Outlook from ExcerPT BTIG for 2021

Global synchronized growth, sustained by the ease of the central bank and a Washington that sees the decidedly mixed 2020 election results as a catalyst for cooperation (spending, it is necessary) and centrist government (no tax hikes), is leading to one Redistribution of wealth in line with the synchronization of 2003-06 reflation period in which value outperformed. Growth, small cap outperformed large cap, and international stocks outperformed the S&P 500.

It should be noted, however, that the stock analysts weren't even close to the mark in their 2020 forecasts, assuming the S&P 500 holds its current level by trading on holidays over the next week.

Piper Sandler's Craig Johnson came closest to forecasting the S&P 500's current 3,700 range last year, with an initial 2020 year-end target of 3,600, MarketWatch's Chris Matthews reported.

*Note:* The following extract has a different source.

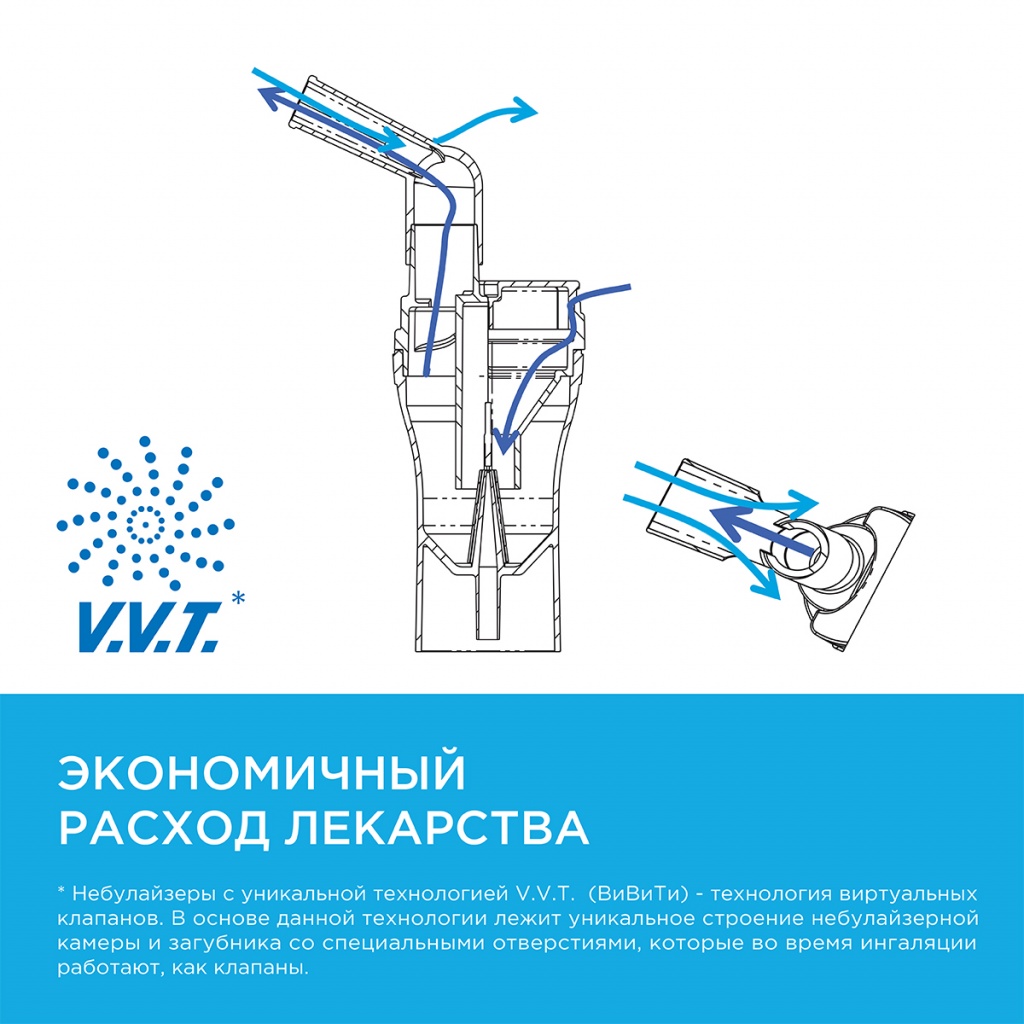 Компрессорный небулайзер OMRON CompAir (NE-C24-RU) основан на принципиально новой технологии так называемых виртуальных клапанов – Virtual Valve Technology (VVT). То есть клапанов как таковых в данной модели нет – они заменены специальными прорезями. Прорезь для вдоха находится на крышке резервуара, прорезь для выдоха – в загубнике. Таким образом, вдох и выдох оказываются разнесены, и если при вдохе все усилия направляются на то, чтобы втянуть в себя лекарство, то при выдохе емкость с препаратом вообще не затрагивается. Благодаря этому, компрессорный ингалятор OMRON CompAir (NE-C24-RU) позволяет тратить лекарство значительно эффективнее.

Johnson estimates the S&P 500 will end at 4,225 in 2021, according to Piper modeling.

"We don't expect to get there in a straight line, however," he told MarketWatch on a LinkedIn message.

To be fair, a pandemic is difficult to predict, and few, if any, have had a clear understanding of how the market would respond to the public health crisis before the end of March. There are certainly some market participants who suggest that a test of the market lows is still near, like here in April and here in May.

According to MarketWatch columnist Mark Hulbert, the stock market forecasts are not “investment roadmaps”, but marketing documents for fund management companies.

The Bespoke Investment Group offers an even more open presentation of the stock market forecasts:

“We don't pretend to know where the S&P will be trading in twelve months. Wall Street's strategic goals are almost always wrong in their forecasts, ”writes BIG in its forecast report for 2021.

“The whole game of strategists setting year-end goals each year reminds us of Charlie Brown trying to play a soccer ball. He keeps trying to get it right, but each time Lucy has different plans. "

Next week

Looking to the future, there is little on the US economic calendar in the final week of 2020, which is also abbreviated as much of the world watches New Years on Friday.

TuesdayInvestors will be watching the S&P Case-Shiller Property Price Index at 9:00 a.m. Eastern Time in October. Wednesday A pre-sale report will be posted at 8:30 p.m., a reading of Chicago area manufacturing at 9:45 a.m., and a home sale at 10:00 a.m.

The last day of the week and the year Thursday concludes with a report on weekly unemployment claims at 8:30 a.m.